I thought about hashing the userid in table 2, so that it could be queried from table 1, but without it being possible to query table 1 from table 2. Is this is sensible? I can't be certain that there wouldn't be a situation in the future where I could want to query table 1 from table 2, and this would preclude me from ever doing so.

Rob
  • 128
  • 1
  • 7
  • 29

1 Answers1

0

There are a number of solutions to this which can be used separately or in harmony with each other.

Column Level Encryption

You can also Encrypt your data using a separate key in both the tables but then you won't be able to use indexes while joining two tables.
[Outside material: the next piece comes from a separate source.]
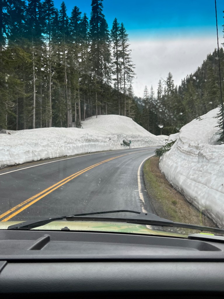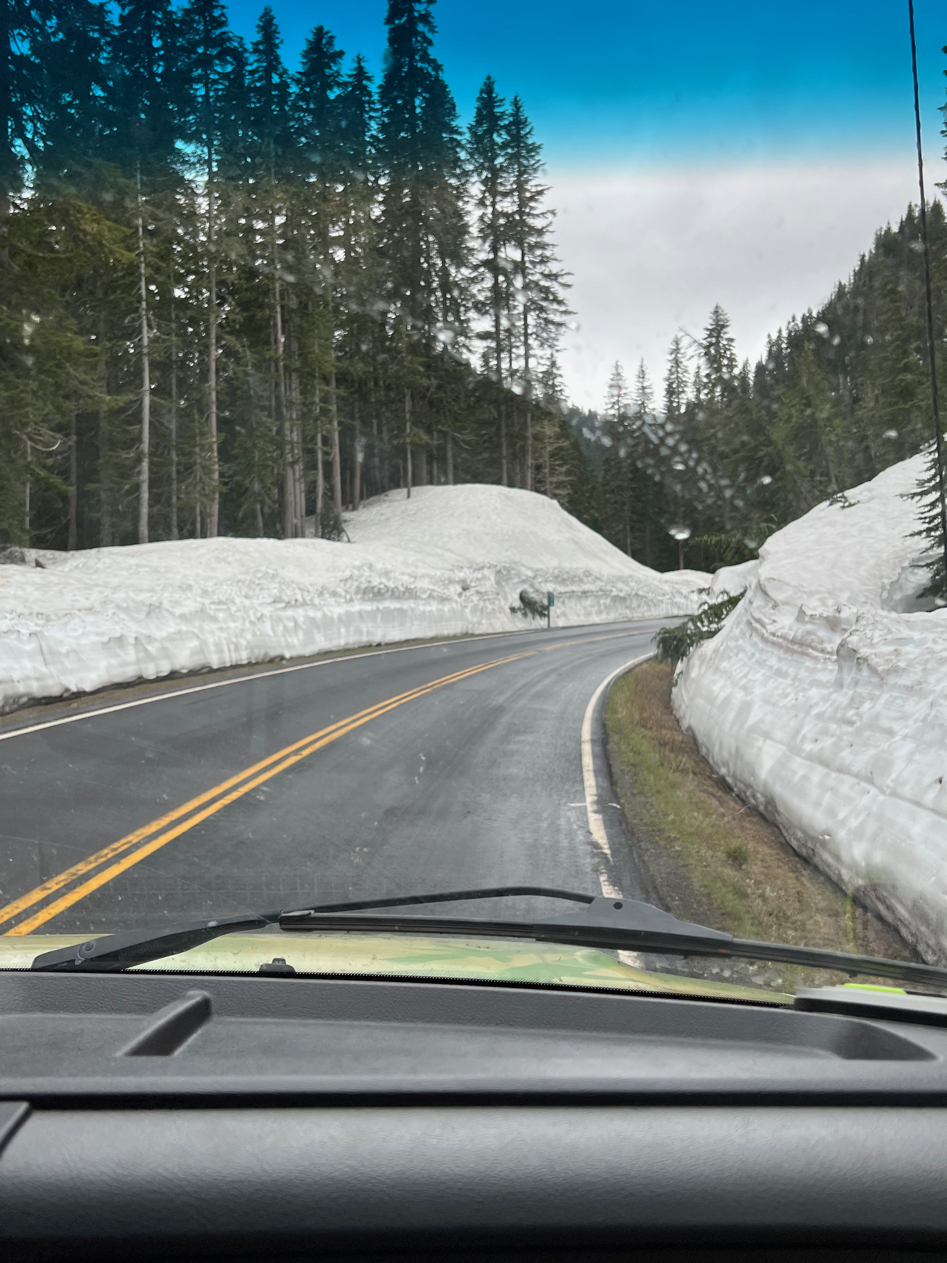 The road eventually deposits us on the north side of the park, not far from our reserved campsite. We pull over and check our phones for options. Kurt finds a recommendation for a good view of Mount Rainier, sixteen miles up a forestry road. I’m antsy to do something so I say yes, but once we’ve begun rambling our way up the potholed, washboard-riddled gravel road, my anxiety spikes. I get pretty extreme acrophobia on any steep trails or roads with sheer drop-offs (see my previous blogs from the Smoky Mountains, Iceland, the Grand Canyon, Alaska, Montana, New Mexico, basically everywhere). We’re a few miles from the top when we come around a corner and see that the road ahead is covered with snow for the remainder of the way. At this point, I pretty much have a panic attack and ask Kurt to take us back down. He has to turn the van around carefully on the narrow road while I squeeze my eyes shut.
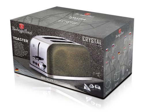 materiál: nerezová ocel - 7 stupňů nastavení intenzity opečení - automatické vysunutí pečiva - automatické centrování pro rovnoměrný ohřev tenkých i silných toastů - protiskluzová úprava spodní základny - funkce: - DEFROST / rozmrazování, rozpékání mraženého pečiva - REHEAT / opakovaný ohřev a dohřívání - CANCEL / okamžité přerušení provozu před koncem nastaveného času - funkce HIGH LIFT pro snadné vyjmutí malých kousků pečiva - vyjimatelná spodní část na odstranění drobků a díky tomu snadné čištění - příkon: 850 W - kolekce Crystal Collection

SELECT AES_ENCRYPT(TABLE1.COLUMN1, 'table1key');
SELECT AES_ENCRYPT(TABLE2.COLUMN2, 'table2key');

So, in your scenario TABLE1.COLUMN1 and TABLE2.COLUMN2 is the link between the two tables. You can encrypt them using different keys and then while your application retrieves the information, you can decrypt them using the keys again. It will add considerable overhead, please remember.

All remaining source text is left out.